Должно быть, ободренная тем, что никто не осмелился оспорить ее авторитетный взгляд на литературу, Софи ударилась в философию, начав развивать глобальную мысль о вечном поиске истины. И только тут Кока, которому, надо думать, уже не раз и не два приходилось выслушивать подобные сентенции своей дамы, не выдержал и миролюбиво, с мягкой улыбкой заметил:
— Софи, зачем вам искать истину? Ищите лучше заботливого мужа.
— Вы, Кока, умеете профанировать даже самые высокие и святые мысли, — обиделась Софи и замкнула свои уста прежним алым бантиком.
Провозглашен был один тост за здоровье именинника, за ним последовал второй. Получалось довольно однообразно. И умный, почти не пьющий Боб, видимо, понял это и, поднявшись со своего места, сказал:
— Друзья! Не будем концентрировать внимание на моей скромной персоне. Это не так уж и интересно. Давайте лучше поговорим об искусстве — вы знаете, что среди вас сидят люди искусства, — почитаем стихи, а потом попоем, потанцуем.
— Да, очень интересно услышать что-то из первых рук, из личного творческого опыта, — подхватила предложение именинника Муза и этак выразительно поглядела на усердно работающего над семгой с лимоном одного из людей искусства — Художника.
Тому ничего не оставалось, как отложить нож и вилку и перенести свое внимание с семги на живопись.
— Тема творчества, искусства — море без берегов. Хотелось бы знать, что вас конкретно интересует? — то ли действительно желая сузить тему, то ли выгадывая время, чтобы собраться с мыслями, спросил волосатый мастер кисти.
Хотя вопрос был обращен вроде бы ко всем, отвечать на него, понятное дело, следовало Музе, и она от сознания выпавшей на ее долю ответственности немного смутилась.
— Ну, ваш взгляд на современную живопись… — выжала она из себя наконец. — Ваше, так сказать, творческое кредо.
— Какие слова-то ей известны! — тихонько шепнул Дементий.
— Знай наших! — в тон ему так же тихо ответила Маша.
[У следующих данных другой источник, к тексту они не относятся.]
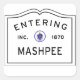 Show your Mashpee, MA pride with this perfect replica of the welcome sign you see when you drive into town. Mashpee is a Town of the Commonwealth of Mass. This is the official Mashpee town sign logo! Stick it to your car bumper, trunk, suitcase or buy a bunch as gifts!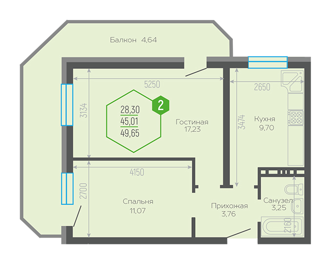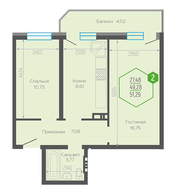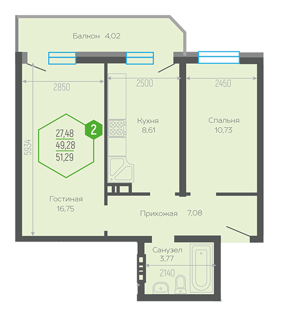 | 2 | 49.75 / 28.3 м² | от 6 467 500 руб. (130 000 руб./м²) | Планировка | |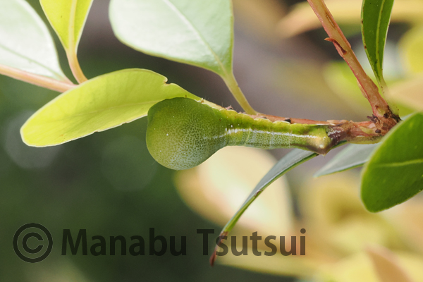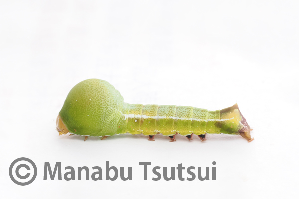 念願の緑色型のカバシタリンガ幼虫と、あっさり対面することになりました。
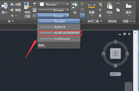 8、点击修剪选项我们将多余的线就行修剪,然后选择圆弧再在线型里找到虚线选项,如图所示: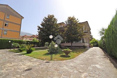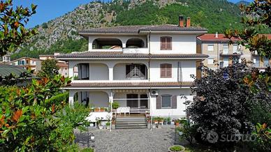 A Sora, a pochi passi dal corso principale della città Volsca, proponiamo un'affascinante VILLA INDIPENDENTE, circondata da un incantevole Giardino di 1'900mq con piante ornamentali, recintato, doppio accesso da due vie parallele, con cancelli pedonali e carrabili automatici. L'abitazione si sviluppa su 4 livelli con ingresso principale dal Portico al piano rialzato, ampio salone con pavimentato in marmo ed ampie vetrate in cui a dominare è il camino, una cucina abitabile con camino e accesso al giardino sul retro, sala da pranzo, ripostiglio e bagno; il P.1° ci conduce alla zona notte collegata con una comoda scala in legno, in cui troviamo uno studio con due eleganti librerie in legno, n°4 camere da letto di cui due padronali con bagno interno; continundo al P.2° ci sono altre n°2 camere da letto, bagno ed il Portico collegato ad un ampio Terrazzo dove ammirare l'affaccio sulla città e sul suo Monte San Casto con la Chiesa della Madonna delle Grazie. Completa la proprietà il piano seminterrato di 180mq circa adibito a Garage e Cantine, completamente pavimentato ed utilizzabile anche per i propri hobby. Ogni ambiente è stato curato nei minimi dettagli, con materiali di alta qualità e design classico, rifiniture in marmo nella zona giorno ed in parquet posato a spina di pesce nella zona notte. Ideale per chi cerca una residenza elegante e confortevole, in una posizione centrale e comoda a tutti i servizi. Per ulteriori informazioni e visite, non esitate a contattarci.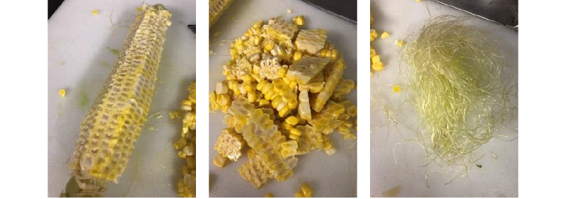 ①とうもろこしは皮を取り、実に付いているひげは細かく切る。果肉の部分を包丁で削り取る。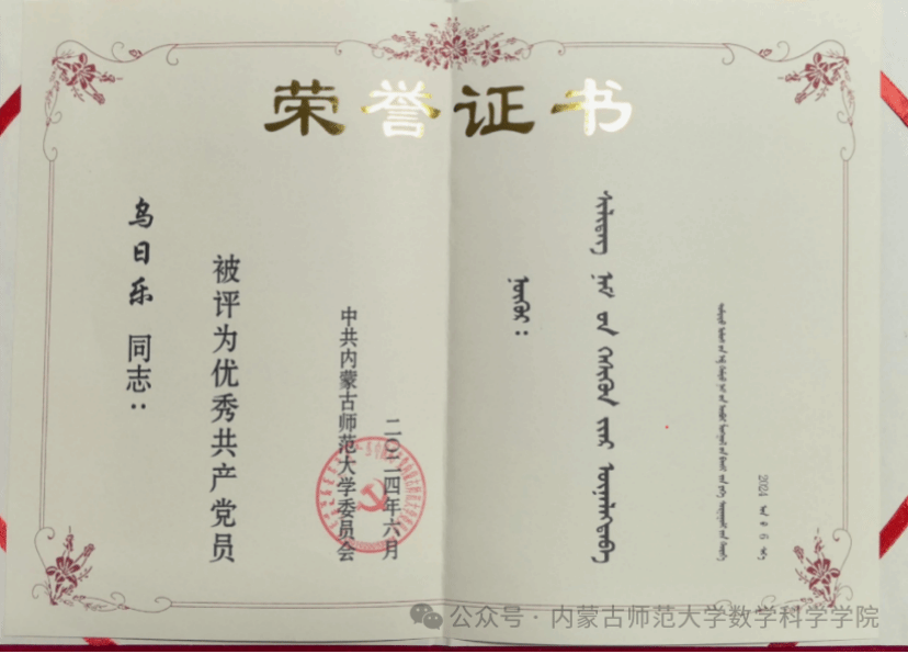 未来征程上,乌日乐将继续以“蒙古马精神”为引领,在数学与人工智能交叉研究的道路上踔厉奋发、笃行不怠。他将始终牢记青年党员使命,以扎实的科研能力、坚定的责任担当践行“请党放心,强国有我”的青春誓言,为服务国家和自治区发展战略、实现中华民族伟大复兴的中国梦贡献青年智慧与青春力量。

Художник начал с признания, что реалистическая живопись, передвижники в том числе, для него — прах, который он отряхнул со своих ног еще в годы ученичества. Реализм уже давно, еще в девятнадцатом веке, полностью исчерпал себя, свои живописные возможности; на этом пути художник не может сделать никаких новых открытий, он обречен на повторение того, что уже было. Надо глядеть не назад, а вперед. Мы живем в ином времени, а подлинное искусство всегда было современно, то есть созвучно времени.
— Мое кредо — современный стиль в искусстве! — с пафосом слегка выпившего человека закончил Художник. — Цвет и свет — вот что нужно живописи. Долой типаж, долой сюжет и композицию, долой утилитаризм! Цветовое пятно в сочетании с другими для меня говорит больше, чем какие-нибудь «Охотники на привале» или «Утро в сосновом лесу». Да здравствует цвет и свет!
«Это куда же он гнет, куда зовет? От реализма к абстрактным цветовым пятнам — сиречь к абстракционизму?»
Будь он совсем трезвым, Дементий заставил бы себя промолчать: нехорошо, попав впервые в чужой дом, заводить споры. Но в голове уже слегка шумело, тормоза были ослаблены, и он не удержался, подал голос:
— Передвижник Крамской, которого вы давно отряхнули, между прочим, утверждал, что искусство — национально. Но как же отличить абстрактное цветовое пятно француза от цветового пятна японца?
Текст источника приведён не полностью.